EXERCISE AIM ▸
Only the lines from the one containing "(A) the kinetics" through the end of the data below are to be repeated, exactly as given, without pictures.
+--
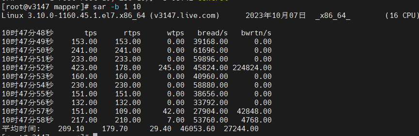 再使用sar -b 10 3 查看读写情况
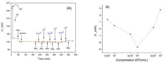 (A) the kinetics of the changes of penetration depth during formation of the aptamer layer and addition of Listeria innocua (in CFU/mL). (B) Changes in penetration depth depending on applied bacteria concentration in logarithmic scale. Addition of various compounds and washing the surface by water or PBS is shown by arrows.
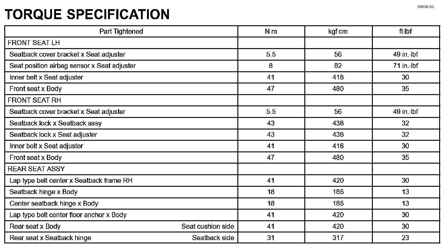 Seat-Torque Specification:
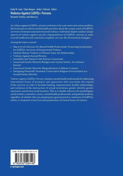 "Violence Against LGBTQ+ Persons: Research, Practice, and Advocacy offers a comprehensive overview of the serious problem of violence LGTBQ+ individuals are still facing. ... also provide affirmative resources for LGBTQ+ individuals seeking therapy as well as for those seaking spiritual and religious support. ... Clinicians and researchers must continue to listen to LGBTQ+ persons tell their stories and fight for their right to equality and safety." (Shay Caramiello, Division 44, apadivisions.org, April, 2021)
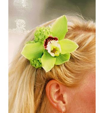 A Pretty lapel corsage for a lady guest of "ruffled" with green orchid along with white ribbon.
+--
FINAL ANSWER ▸
 (A) the kinetics of the changes of penetration depth during formation of the aptamer layer and addition of Listeria innocua (in CFU/mL). (B) Changes in penetration depth depending on applied bacteria concentration in logarithmic scale. Addition of various compounds and washing the surface by water or PBS is shown by arrows.
 Seat-Torque Specification:
 "Violence Against LGBTQ+ Persons: Research, Practice, and Advocacy offers a comprehensive overview of the serious problem of violence LGTBQ+ individuals are still facing. ... also provide affirmative resources for LGBTQ+ individuals seeking therapy as well as for those seaking spiritual and religious support. ... Clinicians and researchers must continue to listen to LGBTQ+ persons tell their stories and fight for their right to equality and safety." (Shay Caramiello, Division 44, apadivisions.org, April, 2021)
 A Pretty lapel corsage for a lady guest of "ruffled" with green orchid along with white ribbon.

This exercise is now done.